Ezra had not missed the fact that they had arrived on the Baylor campus. "I do not need to see the scene of the crime, as it were," Ezra drawled, but let himself be led toward the football stadium.

"Indulge me. I appreciate irony – negotiating in the exact site where the detonation will take place."

"And you appreciate that no one can get close to us and eavesdrop in the middle of a football field."

"That, too," West admitted. "But also, there is another young man who will have to help us gather the money."

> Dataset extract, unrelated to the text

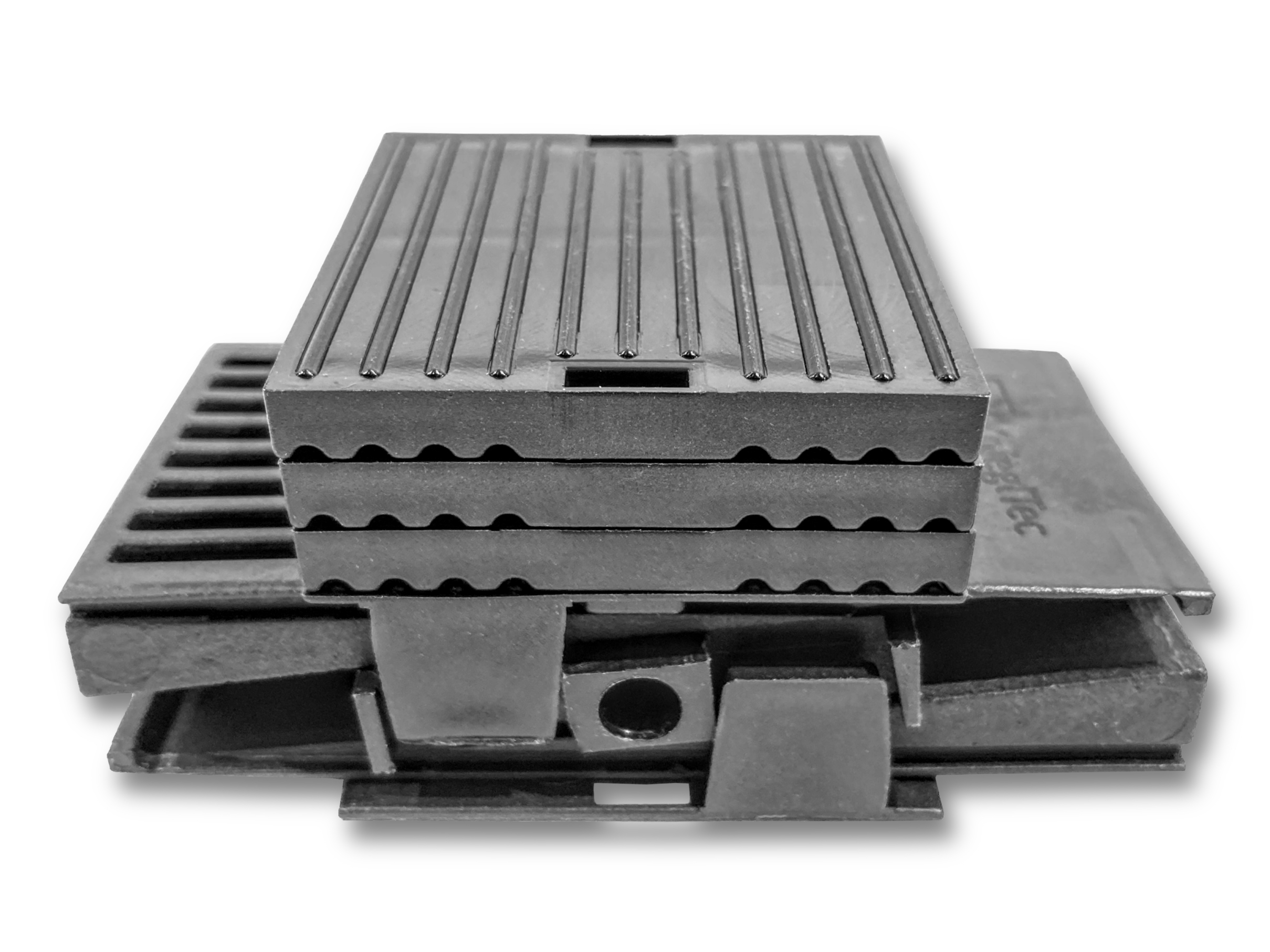 So einfach geht’s: Einfach Gleitplatte(n) auf den VarioFlex 50 Keil klipsen. Danach können Sie beliebig viele Adapterplatten auf die Gleitplatte(n) aufstecken.

Ezra saw JD sauntering toward them with Trey and yet another new player. Their young ATF agent was dwarfed by the two men he accompanied. But they were young. Trey was the only member of this alliance Ezra had met whose clothing didn't hint that they lived below the poverty level. Yet all of their eyes had shown a sharp intelligence along with a streetwise savvy. They were the sort likely to fall victim to the cult mentality of a Pierce West. They knew there was more, they knew their lives could be better but were tired of fighting their way out of poverty. West said he would lead them, think for them, make decisions for them and give them a better life. He kept their bodies busy with military drills and their allegiance for his cause in their hearts. Hopefully most of them could be deprogrammed once Team 7 had put West somewhere where he could no longer influence them.

Ezra was so busy studying the young men approaching him and observing how well JD fit in, that he didn't realize Anson had been brooding since West had told him to mind his own business.